CMMI – is that Agile? (Agile 2012)

Attending my first session at the Agile 2012 in Dallas, Texas (USA).
I heard Hillell Glazer talk about CMMI and agile with the title “Get over IT! Stopobsessing over CMMI and Get on with being Great” (long title by the way). Hillel also wrote a book called the “High Performance Operations”
The interesting part for me in his talk was “what is CMMI really good for?
To answer this question we can look at what it’s NOT that good at:
  • It’s not good for appraisal! 
      • Where it looks for evidence like documentation but not results (optimization).
  • It’s not good with people! 
    • It’s all about a model for processes, nothing about how to interact respectfully with each other. 
  • It’s not good with words
    • It’s too academically written you need consultants to help you understand what is meant … why not use normal English and terms that are understandable?
  • It’s not light weight process model! 
    • 3 books of over 500 pages each and you need to be an expert to understand it – don’t put your juniors to implement this! Meaning that the processes are so complicated that it in my eyes don’t meet my basic rule “simplicity is beautiful”.

The only real thing CMMI is good at Is to improve your processes – And yes that’s something.

OK, so here is what I think!!!
When judging if something is agile or not I tend to consult the Agile manifesto and the 12 principles. There are many interpretations of agile that claims that if you do like this you are agile (almost saying if you don’t do like this you are NOT agile like if you are having iterations of less than 6 weeks you following the agile paradigm, but if your iterations are longer that 6 weeks…..you are NOT agile!.
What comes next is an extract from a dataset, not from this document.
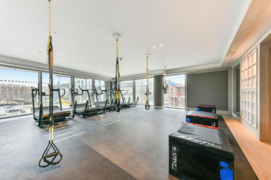 Жители получат полный доступ ко всем удобствам Embassy Gardens, включая современный тренажерный зал, частный роскошный кинотеатр, крытый плавательный бассейн, плавательный джакузи и частный лаунж с кухней, большим телевизором и бильярдным столом.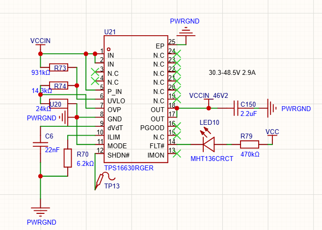 在TPS16630RGER输出接三个TPS54560BQDDARQ1和直接连接到电机驱动的MOS管,似乎在一次短路后TPS16630RGER烧毁,没有触发保护。

I believe that applying CMMI is way beyond applying agile methods. They have a lot in common like “Requirements are managed and inconsistencies with plan and work product are identified” which could be a product backlog or “Estimates of project planning parameters are established and maintained” which could be the sprint planning with estimates and the release plan estimated in t-shirts size and so fort.
Other activities in CMMI like Project monitoring and control or Configuration management are not only thinks that are within the project team but has stakeholder interest that lays outside the team and in the portfolio management or top management. These activities does RUP, Scrum or other agile methods not describe but they are not in any contradiction to Agile.
Just as Prince 2 that is a project management (steering) methodology can work with Agile methods CMMI can work with Agile methods or other methods as well.
But calling CMMI Agile….. NO.
CMMI is about processes an model of how to understand processes to improve them. It misses totally the individuels, the people, there is no focus on the customer only the improving result. There is a design of the product, a quality verification and some interest in organisation, but no customer collaboration, no delivering software frequently with involved business people and focusing on trust rather that control.
I still believe that agile value “Individuals over Processes and Tools“. CMMI is a tool to understand and improve your processes. CMMI is not Agile, but can be used in a agile context – it all depends on the interpretation.